Kenyon College is a private liberal arts college in Gambier, Ohio. It was founded in 1824 by Philander Chase. Kenyon College is accredited by the Higher Learning Commission.

Kenyon has 1,708 undergraduates enrolled. Its 1,000-acre campus is set in rural surroundings and is home to the Brown Family Environmental Center (BFEC), which has over 380 acres and hosts seven different ecosystems. There are more than 120 student clubs and organizations on campus, including eight fraternities and sororities. Kenyon athletes are called Owls (previously the Lords and Ladies) and compete in the NCAA Division III North Coast Athletic Conference.

History

Founding 

After becoming the first Episcopal Bishop of Ohio in 1818, Philander Chase found a severe lack of trained clergy on the Ohio frontier. He planned to create a seminary to rectify this problem, but could find little support. Undeterred, he sailed to England and solicited donations from: George Kenyon, 2nd Baron Kenyon; Lord Gambier; and the writer and philanthropist Hannah More.
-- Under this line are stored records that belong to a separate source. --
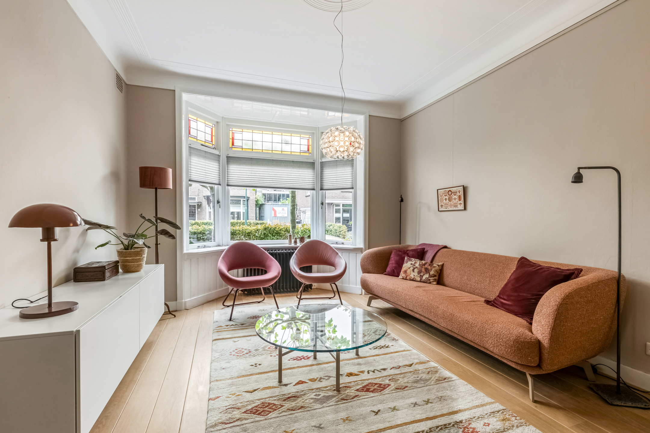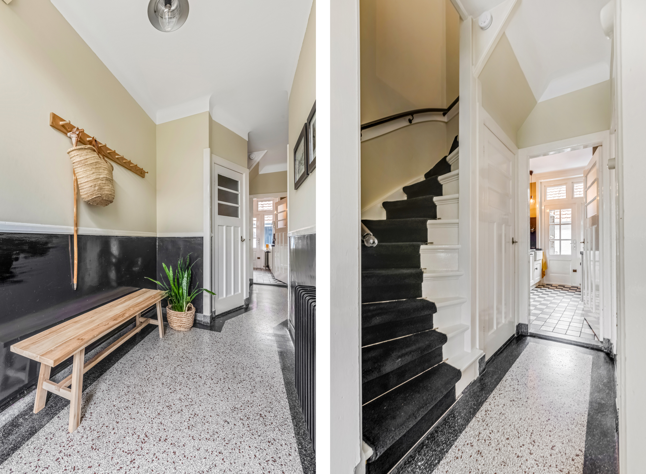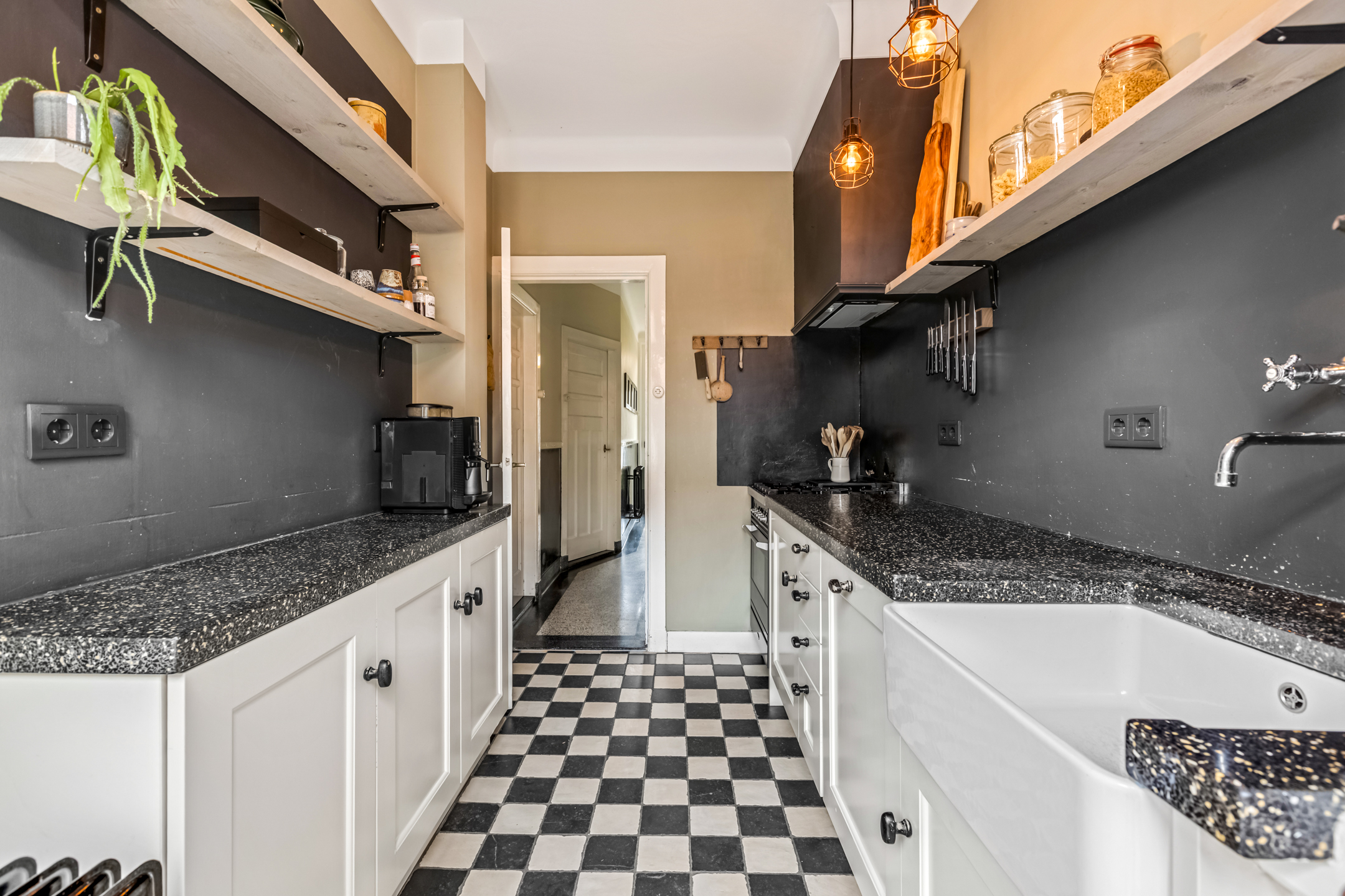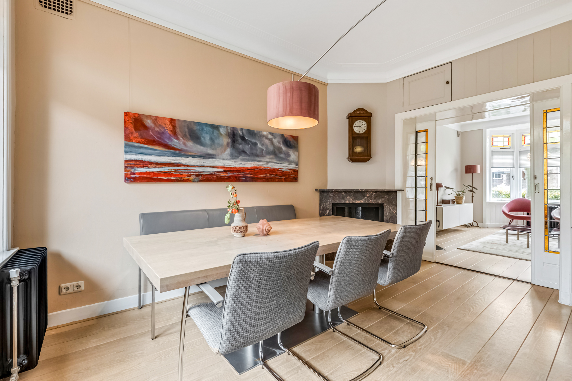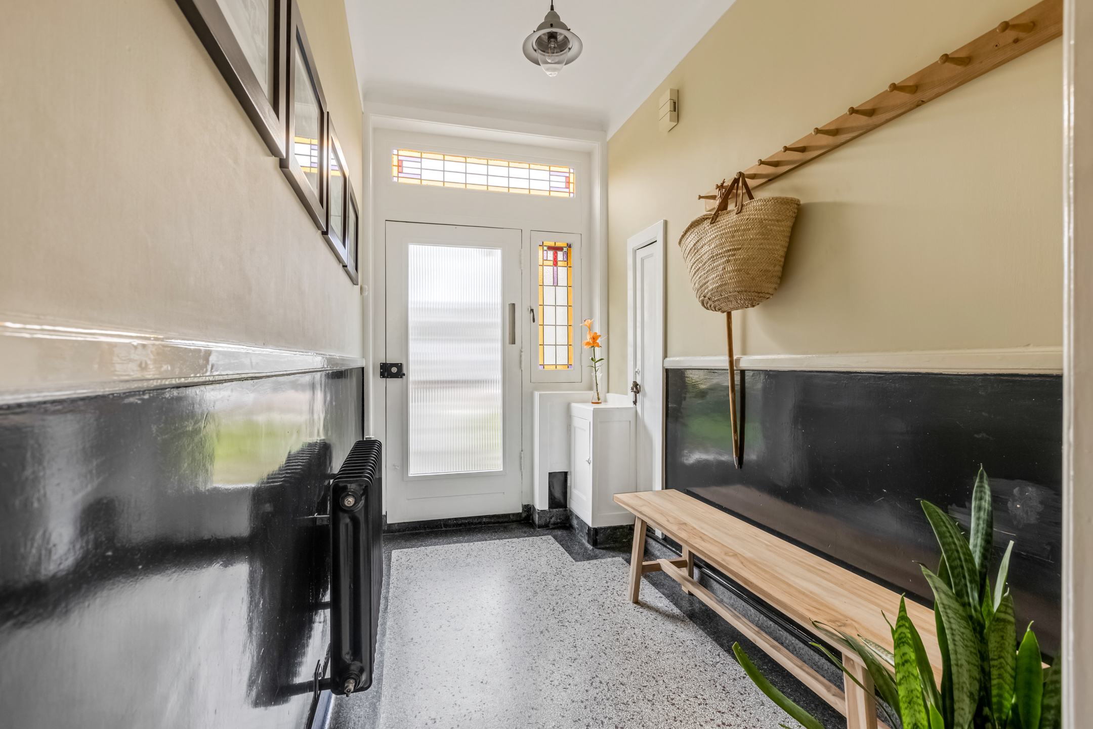 Via de entree kom je in de hal met toilet, trapopgang en toegang tot de woonvertrekken. De woonkamer aan de voorzijde is heerlijk licht dankzij de erker en straalt warmte uit door het hoge plafond, de houten vloer en de sfeervolle houtkachel. De suitedeuren met glas-in-lood verbinden de woonkamer met de eetkamer, die via openslaande deuren toegang geeft tot de tuin. De dichte keuken in zwart-witstijl is compleet, voorzien van een fraai gasfornuis, voldoende kastruimte en een deur naar de achtertuin.
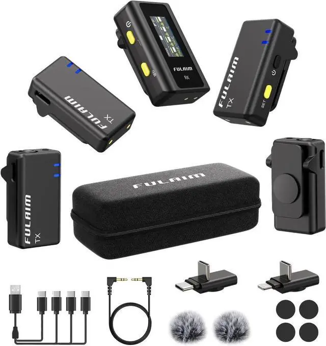 High-Quality Audio Recording: The transmitter features features a 48kHz/24bit audio format, capturing every detail of your recording. Intelligent noise cancelling makes vocals more clear, even when conducting interviews or shooting videos in locations with erratic and unpredictable sounds.false4 Transmitters Wireless System: The FULAIM X6 microphone system allows for up to four microphones to be used simultaneously, making it perfect for group presentations, conferences, or interviews.falseWide Compatibility: The wireless lavalier mic comes with an iPhone adapter, type-c adapter, and 3.5mm audio cable, making it compatible with a wide range of devices, including iPhone and Android smartphones, as well as cameras.false
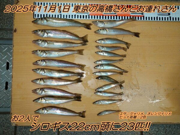 ■コメント:AM9時過ぎ~お昼過ぎまで竿を出した高橋さんが釣行後にお店に立ち寄ってくれました。写真左の列は22cm、20cmなど良型が揃って10匹合計474gでした。約4時間半の実釣でこれだけ釣れれば十分ですね。お連れさんも大変満足されたようで良かったですね。おめでとうございます!
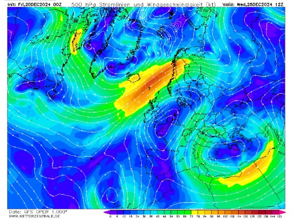 Στον παρακάτω χάρτη βλέπουμε τους ανέμους την ημέρα των Χριστουγέννων στα 1500 μέτρα περίπου.
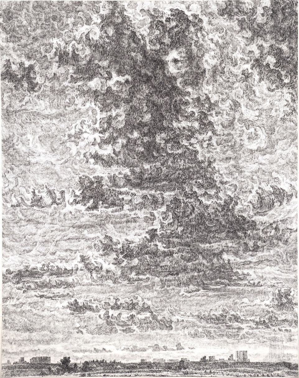雲の形を捉えようと試みるが、それはひと時も止まらず、画面に目を落とした隙にも形を変えてしまう。いつまでたっても追いつかない視線の軌跡が無数の線となり画面を覆う時、目には見えない空間の流動が現れてくるようで面白い。
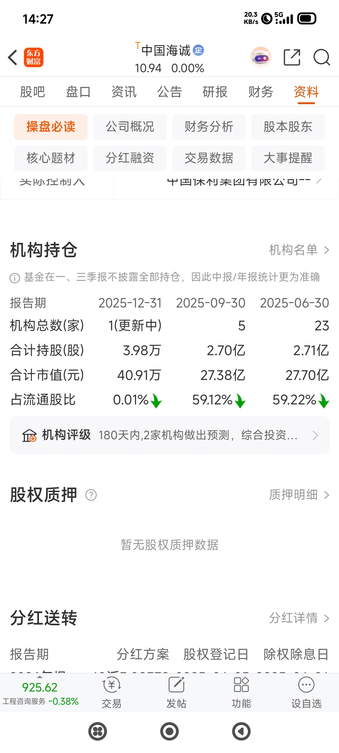$中国海诚(SZ002116)$ 机构持仓40万,全被散户买了

The college was incorporated in December, 1824. Dissatisfied with the original location of the college in Worthington, Chase purchased  of land in Knox County (with the Mount Vernon lawyer Henry Curtis), and reached what he would name Gambier Hill on July 24, 1825. There is a legend that Bishop Chase exclaimed, "Well, this will do" upon reaching the crest of the hill.

The Kenyon Review
Kenyon's English department gained national recognition with the arrival of the poet and critic John Crowe Ransom in 1937 as professor of poetry and first editor of The Kenyon Review, a literary journal. During his 21-year tenure, Ransom published such internationally known writers as Allen Tate, Robert Penn Warren, William Empson, Mark Van Doren, Kenneth Burke, and Delmore Schwartz, as well as younger writers like Flannery O'Connor, Robert Lowell, and Peter Taylor, to name a few. It was an influential literary magazine during the 1940s and 1950s.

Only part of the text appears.